Think he was simply fortunate enough to take over Team Europe as they were peaking? The last time Team USA won (2009), was one of only two times between 2006 and 2014 that Ruijsink was not Europe’s captain.

Now, about that “he’s not an American” argument.

Who says the coach must be American. Sports history is littered with instances of foreigners running national teams. Were Americans offended when Romanian gymnastics coaching legend BelaKarolyi took over Team USA and turned it into a gold medal machine? Were American soccer fans up in arms when Sweden’s PiaSundhage took over USA Soccer’s women’s program and produced a pair of Olympic gold medals? The bottom line is to maximize Team USA’s chances of not just competing in the Mosocni Cup. The bottom line is to drive Team USA to win the Mosconi Cup. Of course, Ruijsink is much more than simply a once-a-year-captain. He is a coaching legend in Europe. A former top Dutch player, Ruijsink turned to coaching in the ’90s. His small, six-table room in The Hague was open only to players committed to training. Ruijsink’s training methods turned Holland into a European power, with the likes of Rico Diks, Alex Lely, Nick Van den Berg and NielsFeijen turning their games over to him.

A voracious student of training and coaching techniques, Ruijsink earned a Master Coach degree from the Dutch Olympic Committee in 2000. It is the highest coaching education in Holland, allowing him to coach any sport. Over the past two years, Ruijsink has been coaching in Russia, where the Russian federation hired him to develop its crop of talented young shooters, like Konstantin Stepanov, RuslanChinakhov and rising star Maxim Dudanets. Ruijsink will be bringing his Russian brigade to the Derby City Classic in January.

Trust me on this one. If change is necessary, this is the right man for the job.

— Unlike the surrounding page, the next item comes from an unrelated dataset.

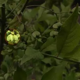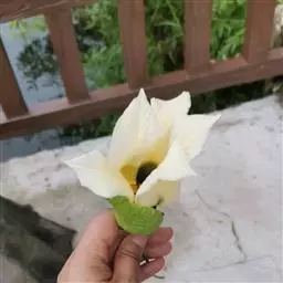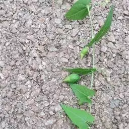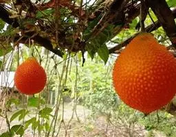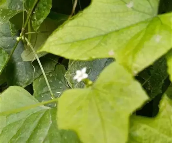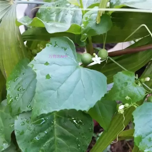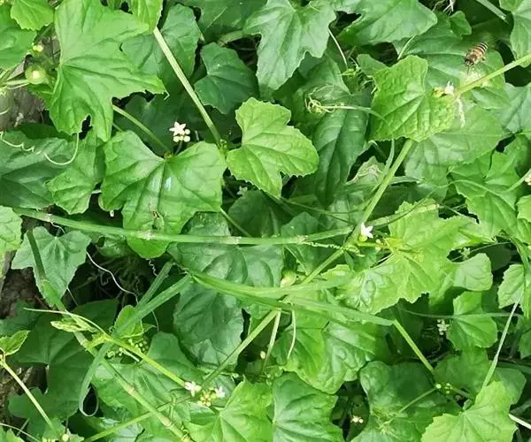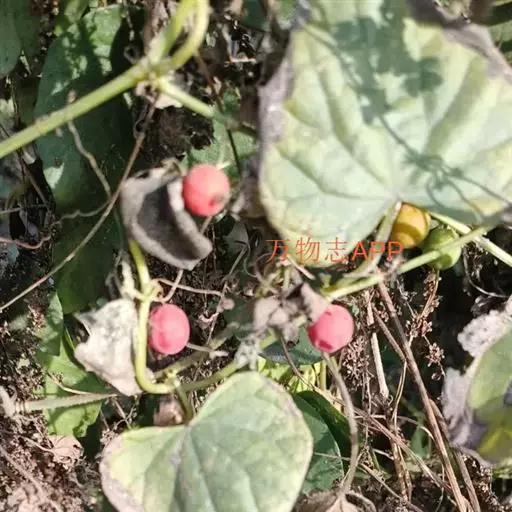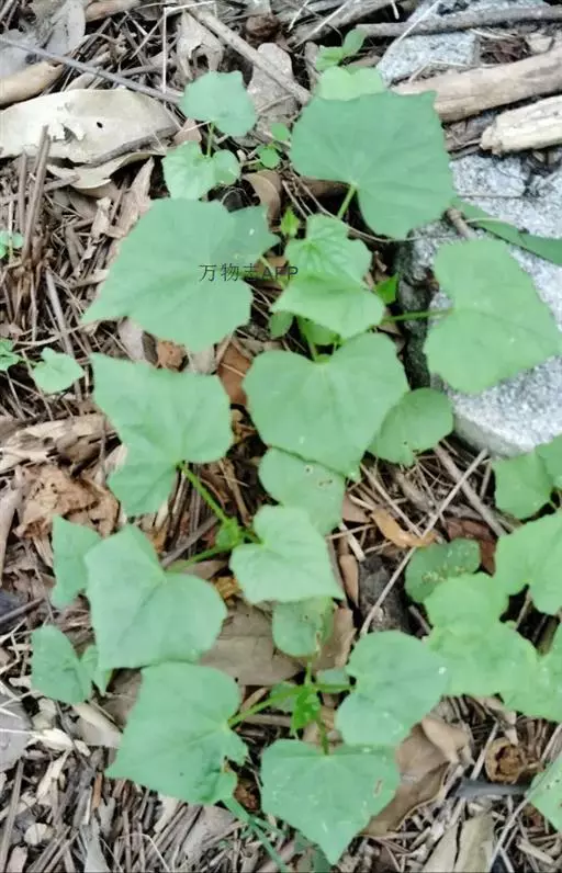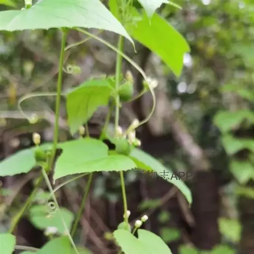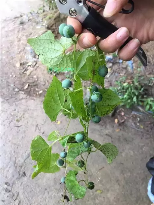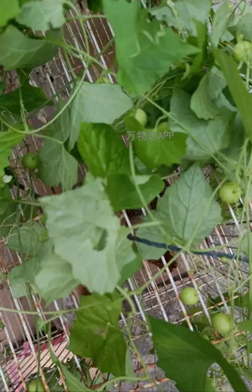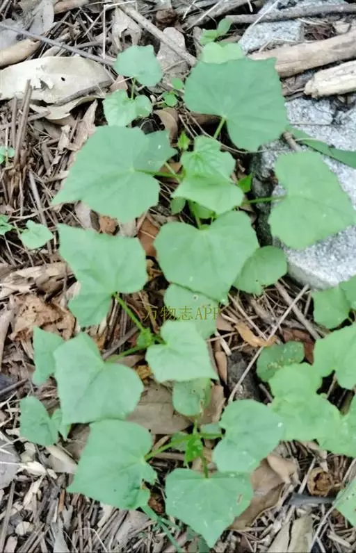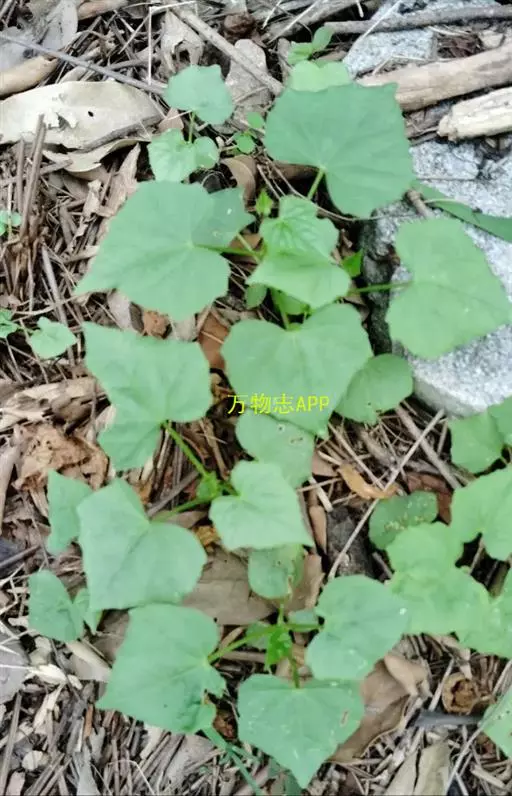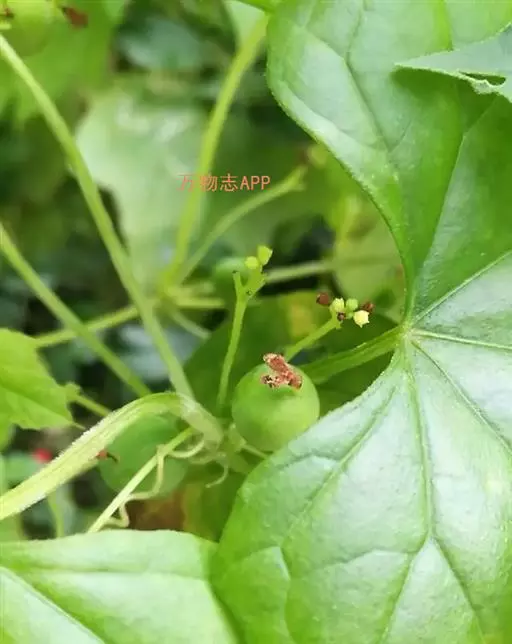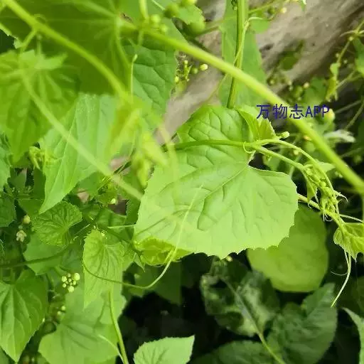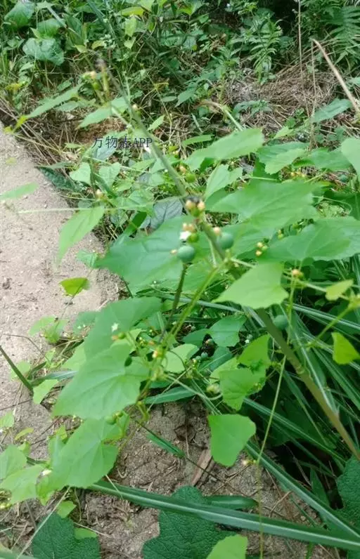 钮子瓜,又名野杜瓜。草质藤本。茎、枝细弱,伸长,有沟纹,多分枝。叶柄细,长2-5cm,无毛;叶片膜质,宽卵形和稀三角状卵形,长、宽均为1-10cm,上面深绿色,粗糙,被短糙毛,背面苍绿色,近无毛,先端急尖或短渐尖,基部弯缺半圆形,边缘有细锯齿或深波状锯齿,不分裂或有时3-5浅裂,脉掌状。卷须丝状,单一,无毛。花雌雄同株;雄花3-9朵生于总梗顶端,呈近头状或伞房状花序,花序梗纤细,长1-4cm,无毛;雄花梗开展,极短,长1-2mm;花萼筒宽钟状,长2mm,宽1-2mm,无毛或被微柔毛,裂片狭三角形,长0.5m;花冠白色,裂片卵形,或卵状长圆形,长2-2.5mm,上部常被柔毛;雄蕊3,2枚2室,1枚1室,有时全部为2室,插生在花萼筒基部,花丝长2mm,被短柔毛;雌花单生,稀几朵着生在总梗顶端或极稀雌雄同序;子房卵形。果梗细,无毛,长0.5-1cm,果实球状或卵形,直径1-1.4cm,浆果状,外面光滑无毛。种子卵状长圆形,扁压,平滑,边缘稍拱起。花期4-8月,果期8-11月。

Of course, there are questions I can’t answer. Would Matchroom go for such an idea? Hearn is a pretty shrewd operator, so I’d have to guess this idea has already crossed his mind. And given the fact that he desperately wants to see the U.S. competitive again, and the fact that he loves a good storyline, I can’t see why he wouldn’t entertain contacting Ruijsink. Would Ruijsink consider coaching Team USA? Can’t say for sure, but two years ago he told me he was stepping down as coach of Team Europe because he “didn’t see the challenge in coaching Team Europe any longer.”

The $60,000 question, though, is this: Would American players put aside their egos to be coached by a foreigner? Unless they are more pigheaded and self-absorbed than I imagine, they should.

I guarantee one thing: Announcing Ruijsink as Team USA captain would scare the living bejeezus out of Team Europe.